The 5th term of an arithmetic sequence is 11,12th term is 32.What are the first 3 terms?
d = (32-11)/(12-5) = 3
a = 11-4*3 = -1
now you can fill in the rest.
To find the first three terms of an arithmetic sequence, we need to find the common difference (d) first.
Given:
5th term (a₅) = 11
12th term (a₁₂) = 32
Using the formula to calculate the nth term of an arithmetic sequence:
aₙ = a₁ + (n - 1) * d
We can plug in the values we have to solve for d.
For the 5th term:
a₅ = a₁ + (5 - 1) * d
11 = a₁ + 4d
For the 12th term:
a₁₂ = a₁ + (12 - 1) * d
32 = a₁ + 11d
Now we have a system of two equations:
Equation 1: a₁ + 4d = 11
Equation 2: a₁ + 11d = 32
To solve this system, we can use either substitution or elimination. Let's use the elimination method.
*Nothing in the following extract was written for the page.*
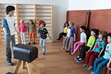 cviky. Potom začnou děti řádit na žebřinách a nakonec přitáhnou kozu, na které

Multiply Equation 1 by 11 and Equation 2 by 4 to eliminate the variable a₁:
11(a₁ + 4d) = 11 * 11
4(a₁ + 11d) = 4 * 32
11a₁ + 44d = 121
4a₁ + 44d = 128
Subtract the second equation from the first equation to eliminate the variable d:
11a₁ + 44d - (4a₁ + 44d) = 121 - 128
11a₁ - 4a₁ = -7
7a₁ = -7
a₁ = -1
Now that we have the value of the first term (a₁), we can substitute it back into either Equation 1 or Equation 2 to find the common difference (d).
Using Equation 1:
a₁ + 4d = 11
-1 + 4d = 11
4d = 11 + 1
4d = 12
d = 12/4
d = 3
So, the first term (a₁) is -1 and the common difference (d) is 3.
Now we can find the first three terms of the arithmetic sequence:
1st term: a₁ = -1
2nd term: a₂ = a₁ + d = -1 + 3 = 2
3rd term: a₃ = a₁ + 2d = -1 + 2(3) = -1 + 6 = 5
Therefore, the first three terms of the arithmetic sequence are -1, 2, and 5.